━━━ Extracted entries ━━━

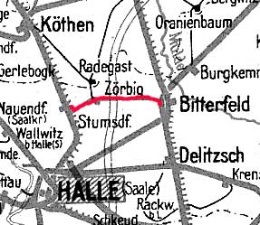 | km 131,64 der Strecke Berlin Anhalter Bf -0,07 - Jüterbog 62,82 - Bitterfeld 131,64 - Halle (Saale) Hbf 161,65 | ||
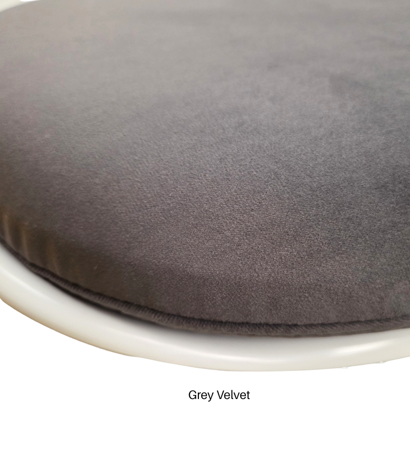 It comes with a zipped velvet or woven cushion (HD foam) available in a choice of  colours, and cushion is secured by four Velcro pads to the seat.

━━━
━━━ Extracted entries ━━━

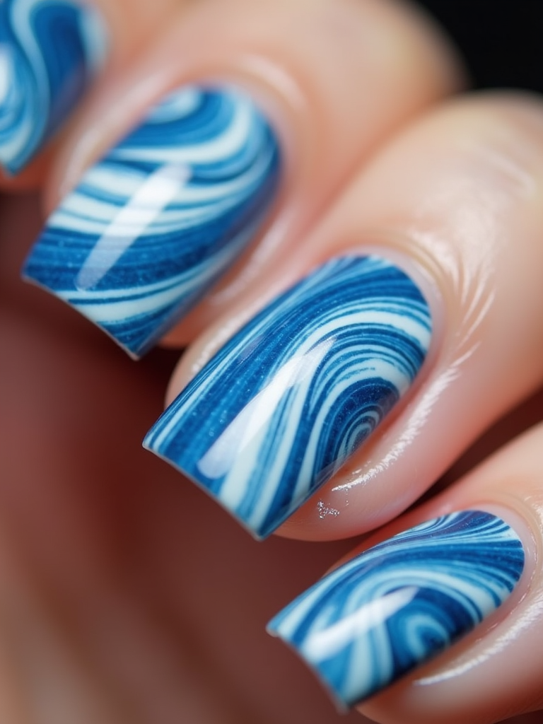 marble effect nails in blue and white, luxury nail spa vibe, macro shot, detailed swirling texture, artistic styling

━━━
━━━ Extracted entries ━━━

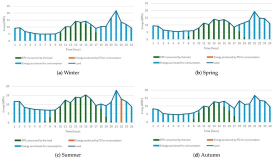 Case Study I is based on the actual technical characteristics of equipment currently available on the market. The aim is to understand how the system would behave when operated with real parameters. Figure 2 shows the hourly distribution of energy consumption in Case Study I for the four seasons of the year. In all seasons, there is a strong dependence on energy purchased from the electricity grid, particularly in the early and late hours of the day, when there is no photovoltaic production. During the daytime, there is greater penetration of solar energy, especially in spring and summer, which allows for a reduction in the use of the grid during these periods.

━━━

The lines above from the line with "161,65 | ||" through the line with "It comes with" are to be given again word for word, with no pictures among them.

 | km 131,64 der Strecke Berlin Anhalter Bf -0,07 - Jüterbog 62,82 - Bitterfeld 131,64 - Halle (Saale) Hbf 161,65 | ||
 It comes with a zipped velvet or woven cushion (HD foam) available in a choice of  colours, and cushion is secured by four Velcro pads to the seat.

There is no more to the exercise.